### [WHAT NEEDS TO BE DONE]
Here the job is to transcribe the data exactly while omitting the images.

### [SOURCE MATERIAL]
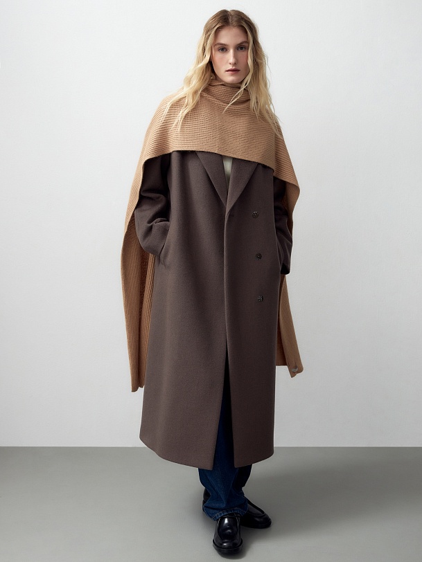 Шарф фактурной вязки из тёплой и мягкой пряжи с содержанием пуха ангорского кролика. Изделие имеет достаточную длину, чтобы полностью обернуть им шею, плечи и грудь. Такой шарф светлого бежевого оттенка подойдёт к любому образу с нашими пальто и станет незаменимой базовой вещью в гардеробе.
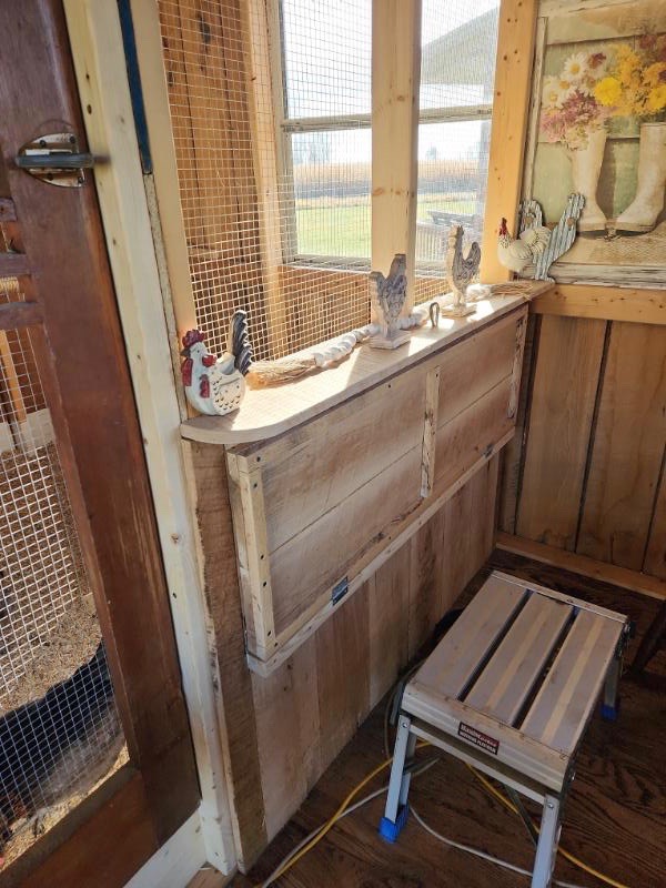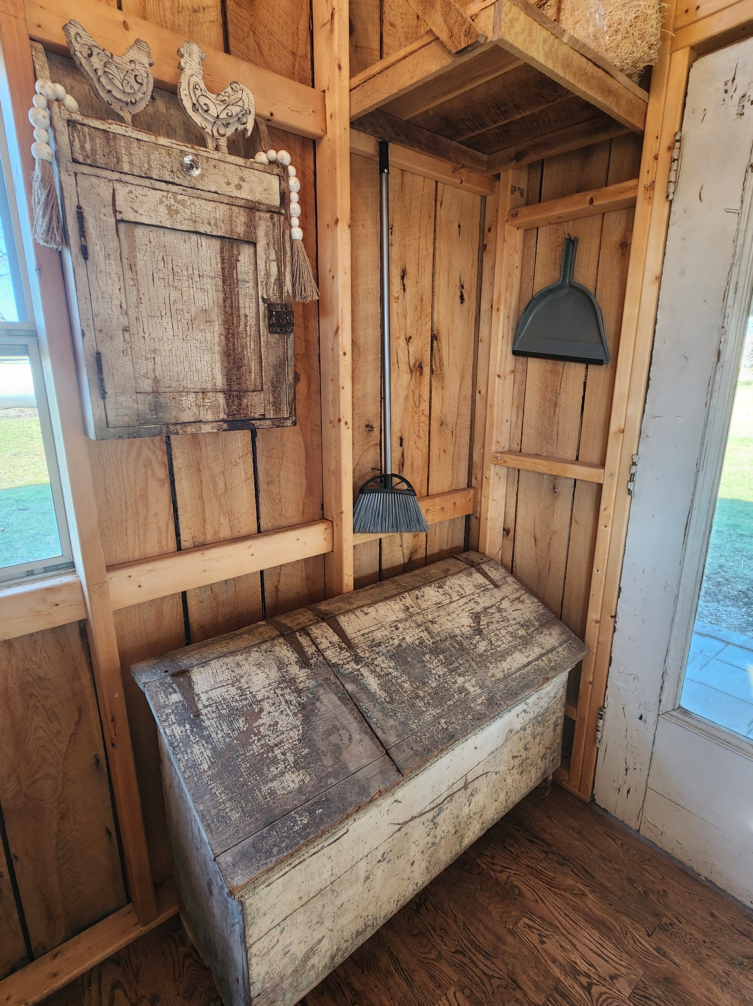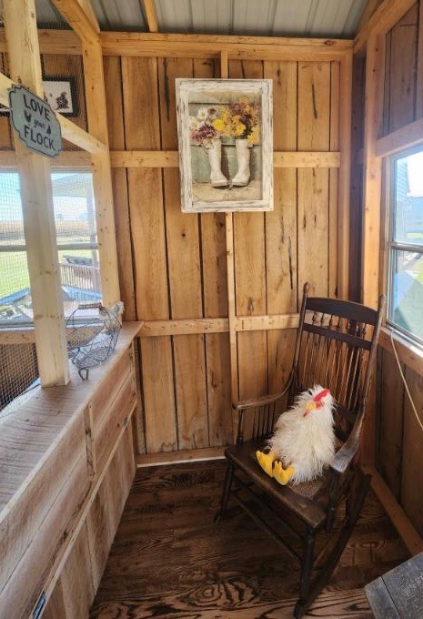 We budgeted different amounts. We wanted nice but went for thrifty. My hubby went to the local Amish community to order our oak boards and battens. His love for wood shows on all of his projects. We had some leftover hardwood from our son’s remodel so I grabbed that for my side of the coop. We sanded, stained and polyurethaned that to our liking. My dad donated an old grain bin I am so grateful for. He used it for years so, again, my sentimental side is showing.
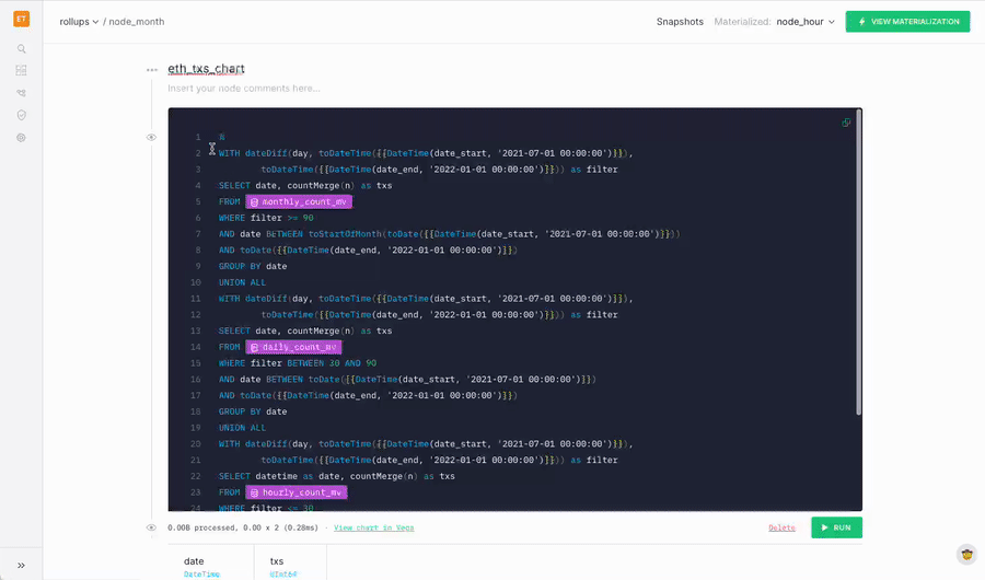 You can see that I’m defining filter based on start_date and end_date, and choosing which Data Source to used based on the timespan. In each section, I use counteMerge(n) to aggregate all the results (the -Merge combinator ensures that intermediate results in the Materialized View are included in the count), and a then I GROUP BY date.

### [RESULT]
 Шарф фактурной вязки из тёплой и мягкой пряжи с содержанием пуха ангорского кролика. Изделие имеет достаточную длину, чтобы полностью обернуть им шею, плечи и грудь. Такой шарф светлого бежевого оттенка подойдёт к любому образу с нашими пальто и станет незаменимой базовой вещью в гардеробе.
 We budgeted different amounts. We wanted nice but went for thrifty. My hubby went to the local Amish community to order our oak boards and battens. His love for wood shows on all of his projects. We had some leftover hardwood from our son’s remodel so I grabbed that for my side of the coop. We sanded, stained and polyurethaned that to our liking. My dad donated an old grain bin I am so grateful for. He used it for years so, again, my sentimental side is showing.
 You can see that I’m defining filter based on start_date and end_date, and choosing which Data Source to used based on the timespan. In each section, I use counteMerge(n) to aggregate all the results (the -Merge combinator ensures that intermediate results in the Materialized View are included in the count), and a then I GROUP BY date.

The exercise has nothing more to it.